#### Source data

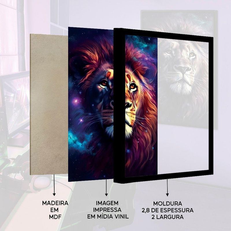 Quadro Leão Judá Estrelas Universo Moldura Cx Alta 40x60 Titulo Moldura PretaQuadro Decorativo Leão Judá Estrelas Universo Cx Alta 40x60MEDIDAS- 40x60 cm.MATERIAL- MDF 3mm de espessura.MOLDURA- Caixa Alta de 2,8cm de espessura e 2cm de largura;- Madeira maciça de reflorestamento;- Revestida com alta qualidade;- 100% livre de imperfeições;- Cantos com acabamento excelente;TIPO DE IMPRESSÃO- Impressão em alta resolução em vinil livre de imperfeições.FINALIZAÇÂO E ACABAMENTO- O quadro decorativo é finalizado com grampos.OBSERVAÇÕES- Material de alta qualidade;- Moldura sem vidro (Por que não vai com vidro? Como nossas imagens são impressas em material vinil altamente durável, dispensa o uso do vidro. Fique tranquilo, sua imagem não corre o risco de desbotar);- Fabricação própria;- O produto pode ocorrer de ter uma leve diferença de tom na cor da que está na tela do seu computador ou celular.LIMPEZA APÓS FIXAÇÃO- A limpeza pode ser realizada apenas com um pano seco macio, se desejar pode ser úmido, porém sem conter álcool ou produtos químicos.Os quadros decorativos são muito utilizados por arquitetos e amantes da decoração. Quadros do mesmo tom, que possuam correlação e que ornem entre si podem ser utilizados juntos para dar uma personalização maior a um determinado ambiente. Composições podem ser utilizadas em salas, cozinhas, varandas, quartos ou qualquer ambiente que você queira deixar com a sua cara.Sendo assim a Arte na Arte criou pra você uma enorme variedade em Quadros Decorativos de cores e desenhos que seguem as últimas tendências de decoração.Transforme seu ambiente, decore sua sala, quarto, cozinha, escritório ou presenteie alguém especial com o Quadro Decorativo Arte na Arte.Esperamos que se sinta à vontade e encontre aqui o SEU estilo, e ao olhar pra o seu ambiente, seja ele qual for - possa dizer: Agora meu ambiente está completo!Tire todas suas dúvidas conosco, estamos sempre à disposição.Imagens meramente ilustrativas que não refletem no tamanho real do produto!Imagem ambiente fornecido por Freepik.
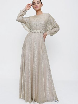 Saygı Giyim Gold Beli Boncuk Detaylı Kuşaklı Astarlı Simli Uzun Abiye Elbise
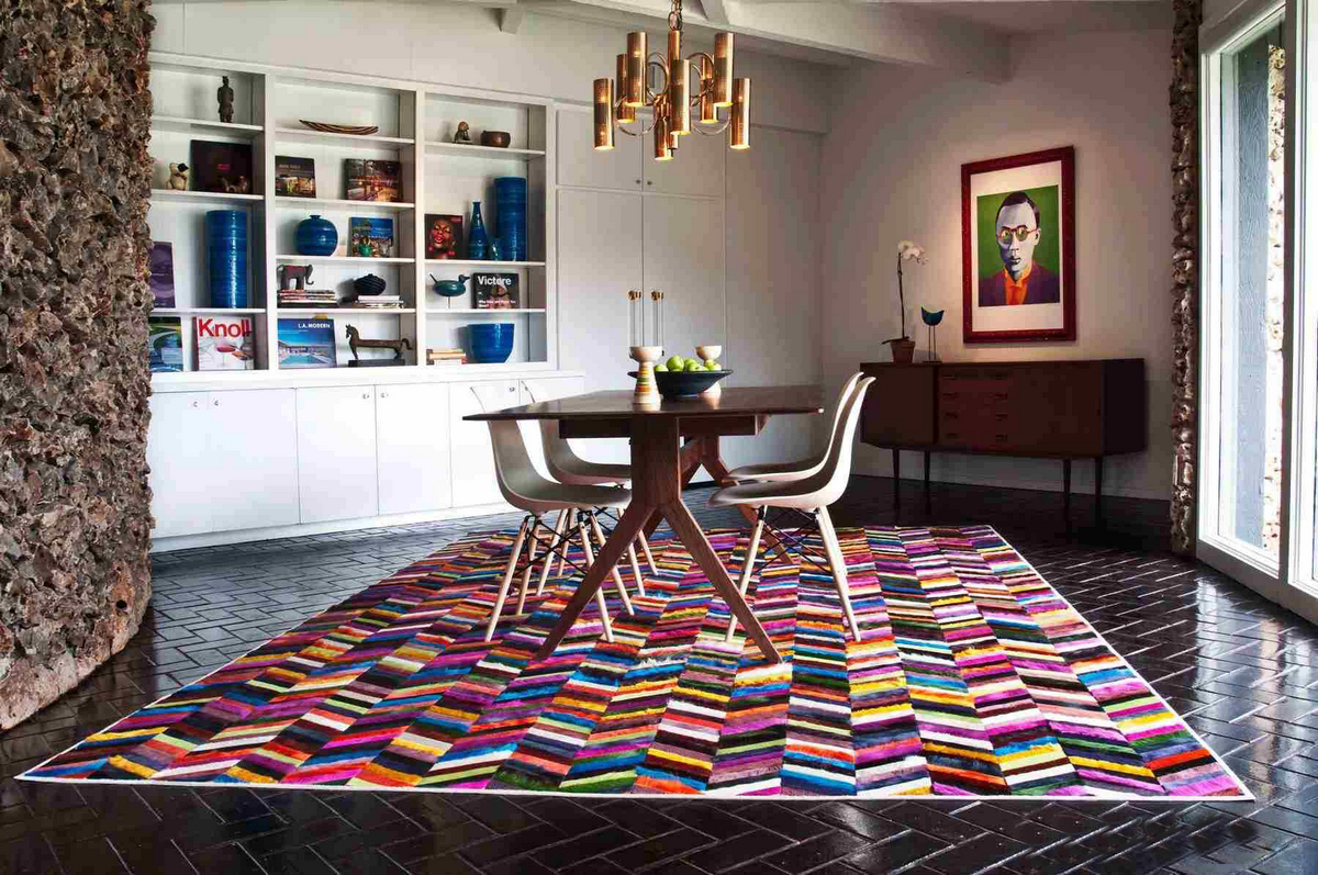 Еще одно правило заключается в подборе ковра в зависимости от цвета напольного покрытия. Если пол темный, выбирайте светлое или яркое полотно, если светлый – ковер схожей палитры.

########

▸ **Task description**:
The answer should consist solely of the lines from the one containing "Saygı Giyim Gold" through the last line of the material, copied exactly, with pictures left out.

▸ **Result for this task**:
 Saygı Giyim Gold Beli Boncuk Detaylı Kuşaklı Astarlı Simli Uzun Abiye Elbise
 Еще одно правило заключается в подборе ковра в зависимости от цвета напольного покрытия. Если пол темный, выбирайте светлое или яркое полотно, если светлый – ковер схожей палитры.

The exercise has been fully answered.